CRISPR-Cas9 Arabidopsis mutants of genes for ARPC1 and ARPC3 subunits of ARP2/3 complex reveal differential roles of complex subunits.

Protein complex Arp2/3 has a conserved role in the nucleation of branched actin filaments. It is constituted of seven subunits, including actin-like subunits ARP2 and ARP3 plus five other subunits called Arp2/3 Complex Component 1 to 5, which are not related to actin. Knock-out plant mutants lacking individual plant ARP2/3 subunits have a typical phenotype of distorted trichomes, altered pavement cells shape and defects in cell adhesion. While knock-out mutant Arabidopsis plants for most ARP2/3 subunits have been characterized before, Arabidopsis plant mutants missing ARPC1 and ARPC3 subunits have not yet been described.

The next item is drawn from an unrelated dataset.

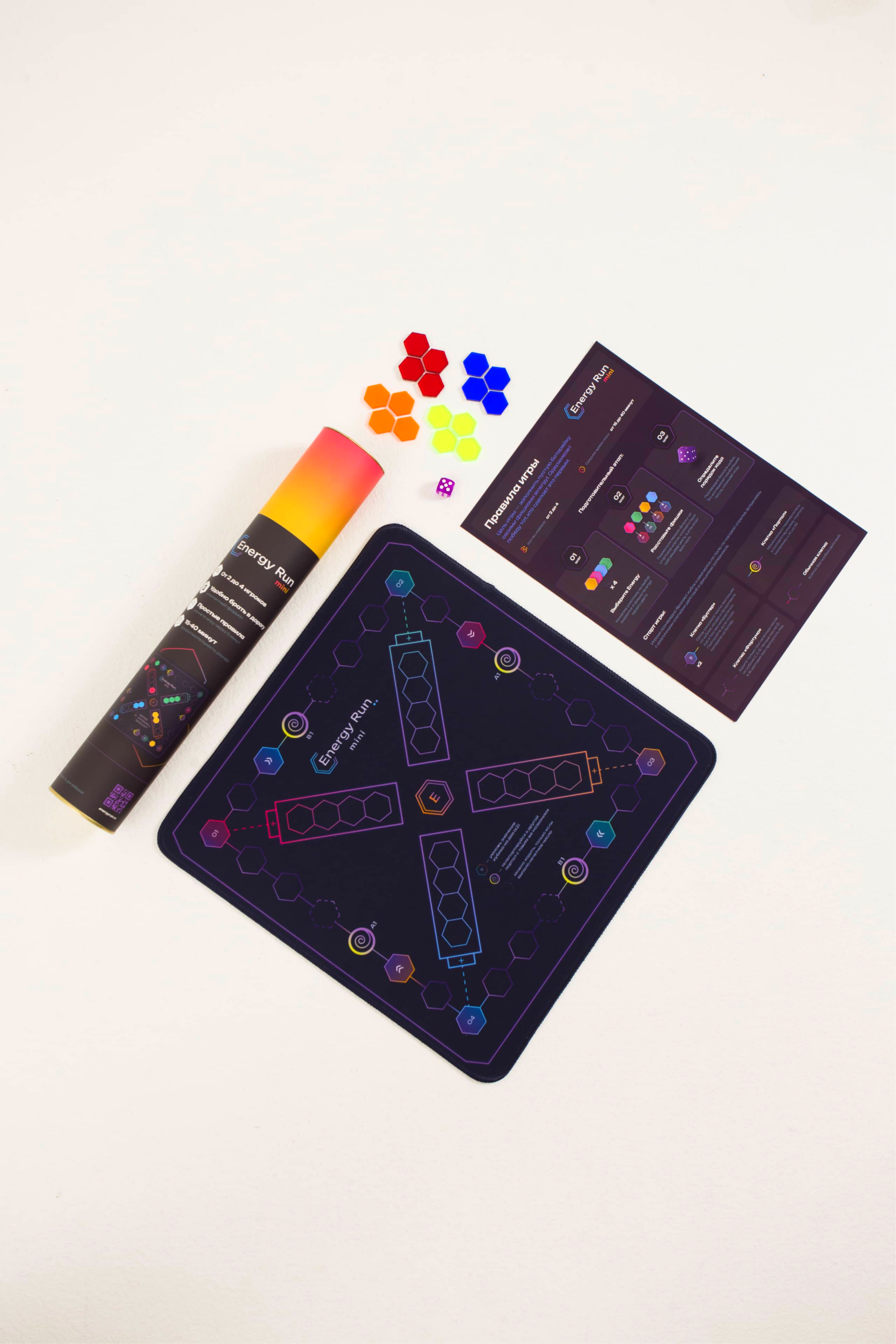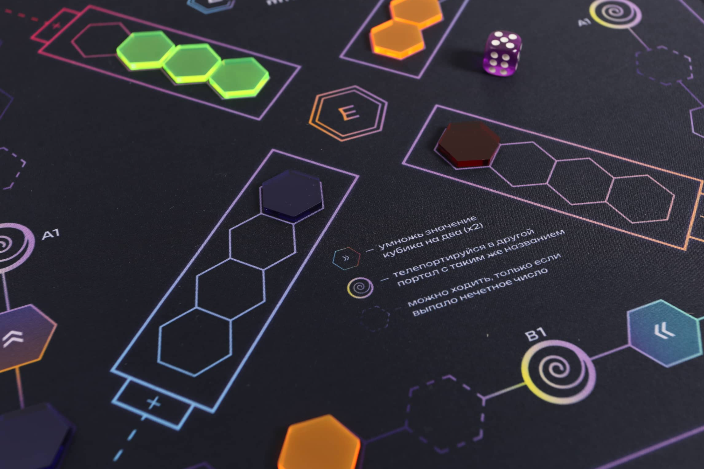 – Игровое поле выполнено из высококачественной прорезиненной ткани размером 35×35 см, напоминающей коврик для мыши, но гораздо большего размера. Фишки сделаны из прочного люминесцентного материала, который создаёт эффект свечения при определённом освещении.

Using CRISPR/Cas9, we generated knock-out mutants lacking ARPC1 and ARPC3 subunits. We confirmed that the loss of ARPC1 subunits results in the typical ARP2/3 mutant phenotype. However, the mutants lacking ARPC3 subunits resulted in plants with surprisingly different phenotypes. Our results suggest that plant ARP2/3 complex function in trichome shaping does not require ARPC3 subunit, while the fully assembled complex is necessary for the establishment of correct cell adhesion in the epidermis.